Before you can create a model, you need a folder, at least one data file, and a file specification, also referred to as a ‘spec’. The file specification describes how the data in each column should be treated by a model. Since all files in a folder must have the same header, a spec is associated with a folder and applies to all files in that folder.
For example, a column in the dataset may contain numbers that indicate the type of product, a grouping of an action, and so on. In such cases, the column should be treated as a Nominal. In other cases, a column of numbers might indicate a continuous variable. In such cases the type of the column is Real (even if the numbers are rounded up or down to integers).
Creating a Spec can be a time-consuming and error-prone process. To assist in the creation of a Spec, simMachines provides a data analysis tool that suggests the type of the column based upon an analysis of the contents of that column. Each folder can have any number of Specs. Specs can be exported to files (a ‘Specs File’) and imported from files.

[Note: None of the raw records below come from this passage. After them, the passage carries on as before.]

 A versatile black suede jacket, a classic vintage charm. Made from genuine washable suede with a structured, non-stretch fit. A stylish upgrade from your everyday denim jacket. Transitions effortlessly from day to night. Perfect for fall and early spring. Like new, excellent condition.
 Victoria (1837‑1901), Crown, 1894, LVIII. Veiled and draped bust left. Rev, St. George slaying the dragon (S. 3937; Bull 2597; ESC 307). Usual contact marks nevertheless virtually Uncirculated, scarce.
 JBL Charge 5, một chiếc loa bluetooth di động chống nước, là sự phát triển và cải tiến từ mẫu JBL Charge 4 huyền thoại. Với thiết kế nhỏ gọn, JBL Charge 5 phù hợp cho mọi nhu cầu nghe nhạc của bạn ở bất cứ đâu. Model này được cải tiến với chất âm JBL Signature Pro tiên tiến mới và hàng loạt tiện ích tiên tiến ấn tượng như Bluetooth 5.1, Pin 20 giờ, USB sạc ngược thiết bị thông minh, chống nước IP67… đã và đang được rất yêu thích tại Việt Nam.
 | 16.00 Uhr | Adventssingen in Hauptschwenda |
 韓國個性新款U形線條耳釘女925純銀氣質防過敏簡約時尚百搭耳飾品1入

To access the specification analyzer, click on the Edit Specs for Folder link in the title header for a folder. You will be taken to the specification analyzer home page which has four tabs.
The four tabs are:
Spec List This lists the Specs associated with the folder and you can view the details or download to a file from here.
Spec Creation This runs the analyzer to create a suggested specification which you can modify.

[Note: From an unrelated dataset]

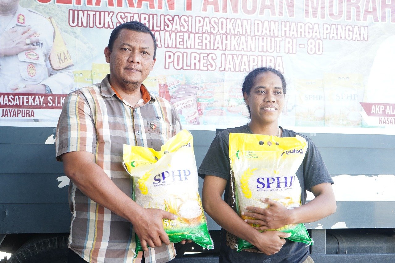 Papua – Polres Jayapura melaksanakan kegiatan Pangan Murah yang dipimpin oleh Kapolres Jayapura AKBP Umar Nasatekay, S.I.K., yang diwakili Kasat Reskrim Polres Jayapura, AKP Alamsyah Ali, S.H., M.H. Kegiatan ini digelar sebagai upaya membantu masyarakat mendapatkan kebutuhan pokok dengan harga yang lebih terjangkau, Jumat (05/09).

Upload Spec File This provides a way to upload a previously defined specification file.
File View This lets you inspect the contents of the dataset.

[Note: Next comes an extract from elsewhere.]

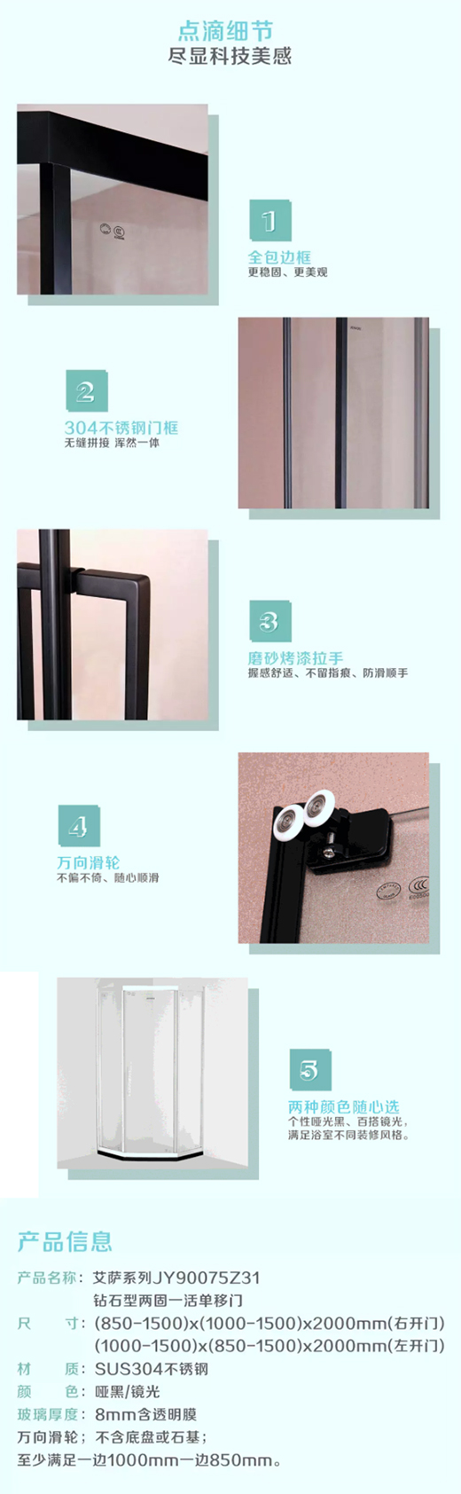 中宇獨(dú)創(chuàng)專利黑科技--“隱身”折疊內(nèi)推門淋浴房,向極致的空間尺度發(fā)起挑戰(zhàn)。設(shè)計(jì)師利用力學(xué)與美學(xué)的原理,摒棄了傳統(tǒng)淋浴房?jī)?nèi)外開門的設(shè)計(jì),以向內(nèi)隱藏式折疊啟閉門的創(chuàng)新技術(shù),讓空間無(wú)限延伸,對(duì)小戶型衛(wèi)生間相當(dāng)友好。

The Spec List tab shows each spec you create. You will likely create only one spec, but you might want to experiment with alternate column definitions in different specs. A spec is created in the context of a model and so this table provides a way to see the specs, the model context in which they were created, and also Remove and Download actions. A spec downloaded as a file can be reloaded via the Upload Spec File tab, discussed below.
The Spec Creation tab is where the specification analyzer is run. First give the Spec a name
If this is the first time accessing the Specs Analyzer after a file has been uploaded, then you have to either run the Specs Analyzer (blue button) or slide the Manual Specification to on.
If you turn on Manual Specification, then you will only see the Data Sample tab when reviewing the column types:
You can change the value of the data type for that item. Here the type for CCN has been changed from REAL to ID. The original suggestion shows up in a lighter blue and the current selection in a darker blue. This allows you to see the original suggestion in case you want to set back and individual type selection.
This might be useful if you have a very large data set (e.g., millions of rows), but very few, well known columns. In general, it is very useful to run the Specs Analyzer and take advantage of the analyzer output when selecting column types.
The data types that are available in the drop-down depend upon which model you are creating the spec for (the Model Type). The types that are allowed and their descriptions are presented in the Data Type Specification tables of each model in the Model Details and Parameters section of the User Manual.
Once you have run the analyzer (even if it was for a prior specs file in the same folder), you will need to select the model context in which you want the analysis to run. There are three model contexts, which correspond to the models discussed later in this document: Classification (simClassify/simClassify+), Collaborative Recommendation (simRecommend), and Similarity/Clustering (simSearch/simCluster/simCluster+).
After specifying the name and model type, the bottom portion of the display will fill in with rows corresponding to each column in the dataset and suggested data types.
The Show Details button will expand the row to show values in the dataset that correspond to that row.
At this point only part of the analyzer has run. To see the full benefit of the analyzer, click on the blue Run Spec Analysis button. When the analysis is complete, new tabs will be added to each row’s details.
The new tabs provide more insight into the data in each column. There will be from two to five tabs, depending upon the selected data type.
The Top & Number of Distinct Values tab, shown above, shows the number of unique values in the column and the top few values and their percentages.
The Distribution Histogram tab shows a histogram of values found in the column.
The Numeric Statistics tab shows several statistical measures of the data found in the column.
The String Length Statistics tab and Word Count Statistics tabs are shown for text data types.
Finally, the Data Quality tab shows what portions of the values in the column correspond to relevant data types. In the example below, there are no values that correspond to an ITEM_SET type, however all values could be consistent with one of the LANGUAGE types, or REAL, or NOMINAL. Each bar in the Data Quality diagram has Empty, Matching and Unmatching components. In the example below there are no empty values and all values either match or do not match the types shown.
Use the results of the analysis to determine the appropriate type for each column in the dataset. When type selection is complete, the Create Spec File button will create the specification. The specification will now be visible on the Spec List tab of the specification analyzer home page.
The Upload Spec File tab lets you upload a spec file created and downloaded by the specification analyzer. The spec files can be uploaded in JSON, tab separated value, or comma separated value formats. When uploading a spec file you must indicate the model context. These same three formats are available when downloading, as well. If you want to move a spec file from version 1.3 to version 1.4 you should use the JSON format for download and upload. For future compatibility, you should use JSON for downloading spec files.
Finally, the File View tab lets you see the content of the dataset for reference.